Note was made of three locations in two countries. Quasar was clearly seen 2 million times finer than the sight of man.
An international team of astronomers could observe the heart of a distant quasar with unprecedented clarity, equivalent to two million times finer than human vision. The observations were made through a link Telescope Atacama Pathfinder Experiment (APEX) for the other two in different continents for the first time can be as sharp an image. This is a crucial step toward the goal of the dramatic scientific project “Event Horizon Telescope” to know, image of the supermassive black holes at the center of our galaxy and others.
The call was made from the astronomers connected APEX, Chile, the Submillimeter Array (SMA) in Hawaii, USA, and the Submillimeter Telescope (SMT) which is in Arizona. With this they were able to make a clear direct observation and sharp from the center of a distant galaxy, the quasar 3C 279, which contains a supermassive black hole with a mass about one billion times the Sun, and is so far from Earth that their light took more than 5 billion years to reach us. APEX is a collaboration between the Max Planck Institute for Radio Astronomy (MPIfR), Onsala Space Observatory (OSO) and ESO, and the APEX is operated by ESO.
Understand how telescopes were connected
The telescopes were connected using a technique known as Very Long Baseline Interferometry (VLBI). Larger telescopes can make sharper observations and interferometry allows multiple telescopes to act as a single telescope. Using VLBI, the major observations can be achieved by making the separation between telescopes as large as you can imagine. For their observations of quasars, the team used three telescopes to create an interferometer with a length of 9447 km transcontinental basis of Chile to Hawaii, 7174 km from Chile to Arizona and 4627 km from Arizona to Hawaii.Connecting the network APEX in Chile was fundamental, because it contributed to the higher baseline and one of the greatest discoveries ever made by astronomers.
Observations were made on radio waves with a wavelength of 1.3 mm.
observations achieved an angular resolution or sharpness, of only 28 microarcseconds – billionths of about 8 degrees. This represents the ability to distinguish details amazing two million times sharper than human vision. Comments can view as refined scales less than a light year across the quasar – a remarkable achievement for a target that is billions of light years away.
The observations represent a new benchmark for the image of supermassive black holes and the regions around them.
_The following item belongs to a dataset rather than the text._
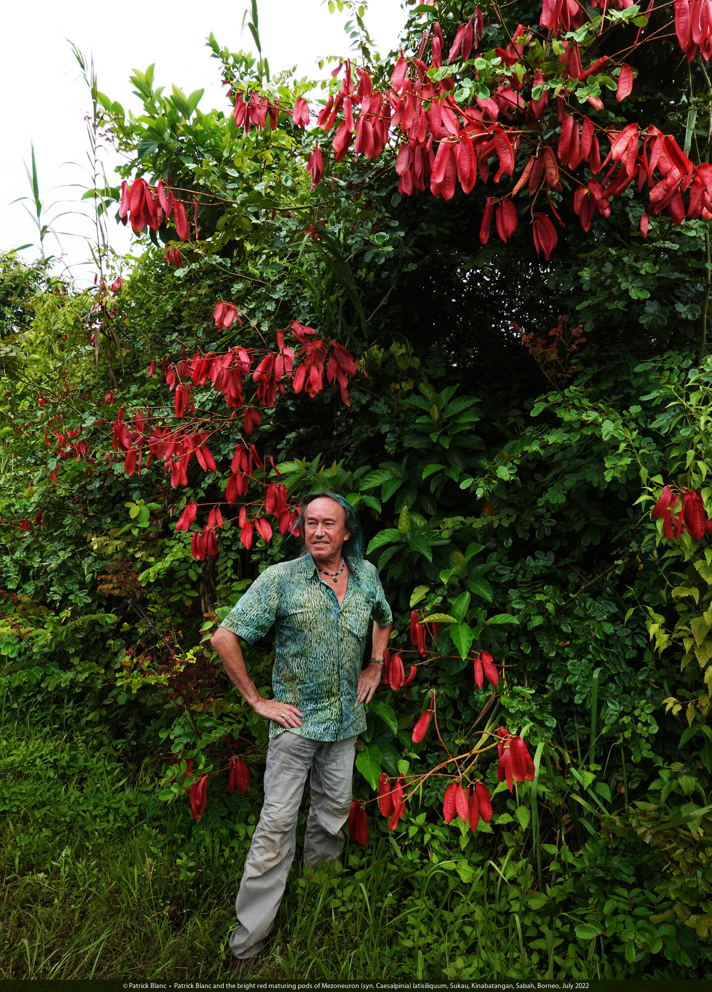 Patrick Blanc and the bright red maturing pods of Mezoneuron (syn. Caesalpinia) latisiliquum, Sukau, Kinabatangan, Sabah, Borneo, July 2022

In the future we intend to connect telescopes even more powerful that way for more distant and sharper images can be captured. The powerful Event Horizon Telescope will be able to make images of the shadow of the supermassive black hole at the center of our Milky Way galaxy and other galaxies nearby. The shadow – a dark region seen against a brighter background – is caused by the bending of light by the black hole, and be the first direct evidence for the observation of a black hole, assuming that even light can escape.
Today, this experiment marks the first time that APEX has a stake in VLBI observations, and is the end of three years of intensive work of APEX, which stands for the plateau at an altitude of about 5000 meters of Chajnantor in the Chilean Andes, where atmospheric pressure is half that of the sea level.Scientists from Germany and Sweden are installing new digital systems of data acquisition, an extremely accurate atomic clock and data recorders pressurized capazez recording 4 gigabits per second and for many hours even under strict environmental conditions. The data – 4 terabytes each telescope – were sent to Germany on hard disks and processed at the Max Planck Institute for Radio Astronomy in Bonn.
The success of APEX is also important to share your location and also many aspects of its technology with the new telescope Atacama Millimeter Array, ALMA. ALMA in construction and is finally composed of optical elements 54 with a diameter of 12 meters even APEX, and smaller elements 12, with a diameter of 7 meters. The possibility of connecting to the network ALMA is currently being studied. This would put the shadow of the Milky Way’s supermassive hole within reach of future observations.